まるで、仲の良い幼馴染みのように、2人の話は尽きることがない。CHABOも言ってたけど、2人は同じ表現者、同世代として、ミュージシャンと役者とか、男と女とかも超えた深い友情で繋がっているように感じた。

僕なんか、夏木マリさんというと、やっぱり女優という仕事をメインに据えた人なのかと思っていたが、マリさんはきっぱりと“今の活動の比重は、一番がGIBIER du MARI、二番が「印象派」で三番目に役者”と言っていた。実際、来年はGIBIER du MARIの活動に時間を割くため、ドラマの仕事は一本も入れていないという。
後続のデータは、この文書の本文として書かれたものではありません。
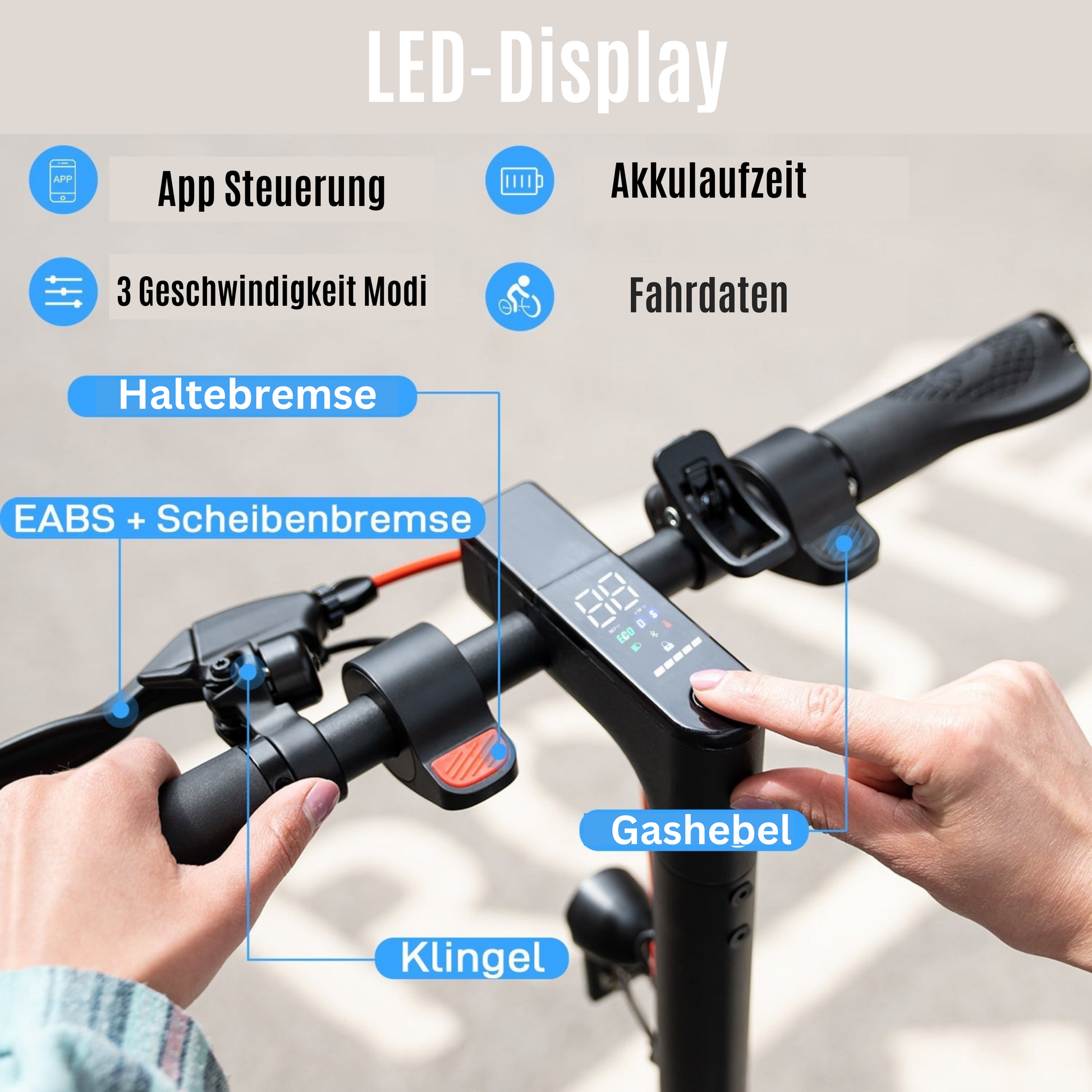 Mit der LED Anzeige und der App "EVERCROSS PRO" können Sie Ihre Geschwindigkeit, Distanz und Akkulaufzeit in Echtzeit verfolgen. Die App ermöglicht es Ihnen auch, den Elektrisch Scooter zu ver- und entriegeln.
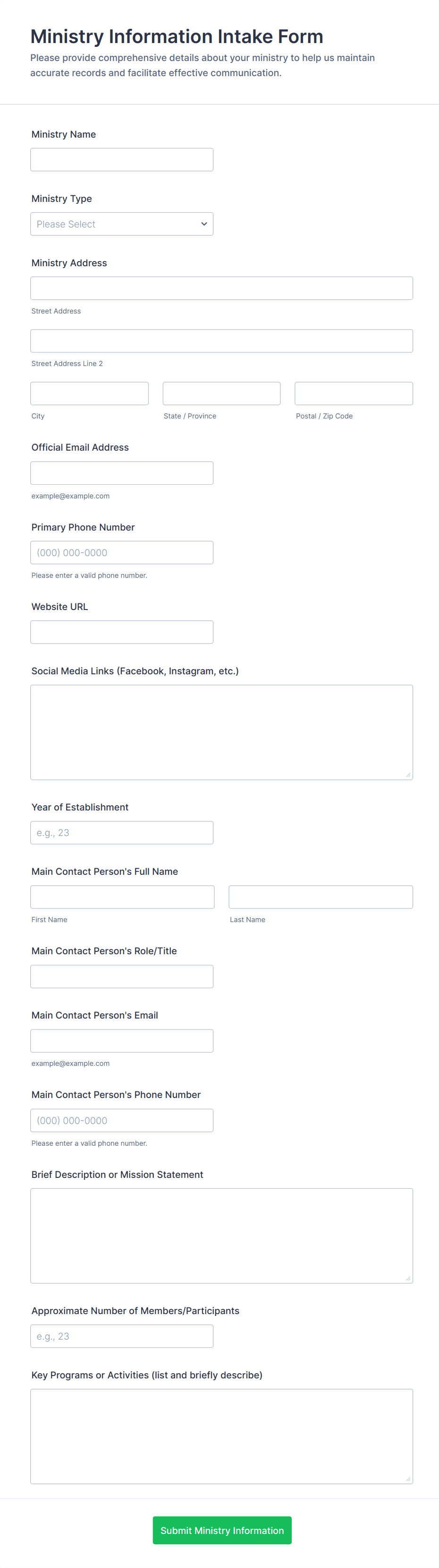 Intake forms are essential tools used to gather preliminary information from clients, patients, customers, or participants before providing a service or beginning a process. These forms streamline the onboarding process by collecting relevant details such as contact information, background data, preferences, and specific needs. Intake forms are widely used across various industries, including healthcare (patient intake), legal (client intake), education (student intake), human resources (employee onboarding), and service-based businesses (client consultations). By standardizing the information-gathering process, intake forms help organizations ensure consistency, improve efficiency, and deliver personalized experiences.

この潔さ、素晴らしいと思った。
最後にトム・ウェイツの「からっぽの家」を朗読して、観客の心を鷲づかみ。大きなインパクトを残してマリさんはステージを降りる。

ここまでで、既に時計は十時を回っていたが、夏木マリ退場後もCHABOはクリスマス・ソングいくつかかける。選曲はN.R.B.Q.、ザ・バンド(これは、昨年の今の時期にkyOnさんとカバーした曲で、この日もギターで1フレーズ歌ってくれた)、そして清志郎も大好きだったというオーティス・レディングの“ホワイト・クリスマス”だった。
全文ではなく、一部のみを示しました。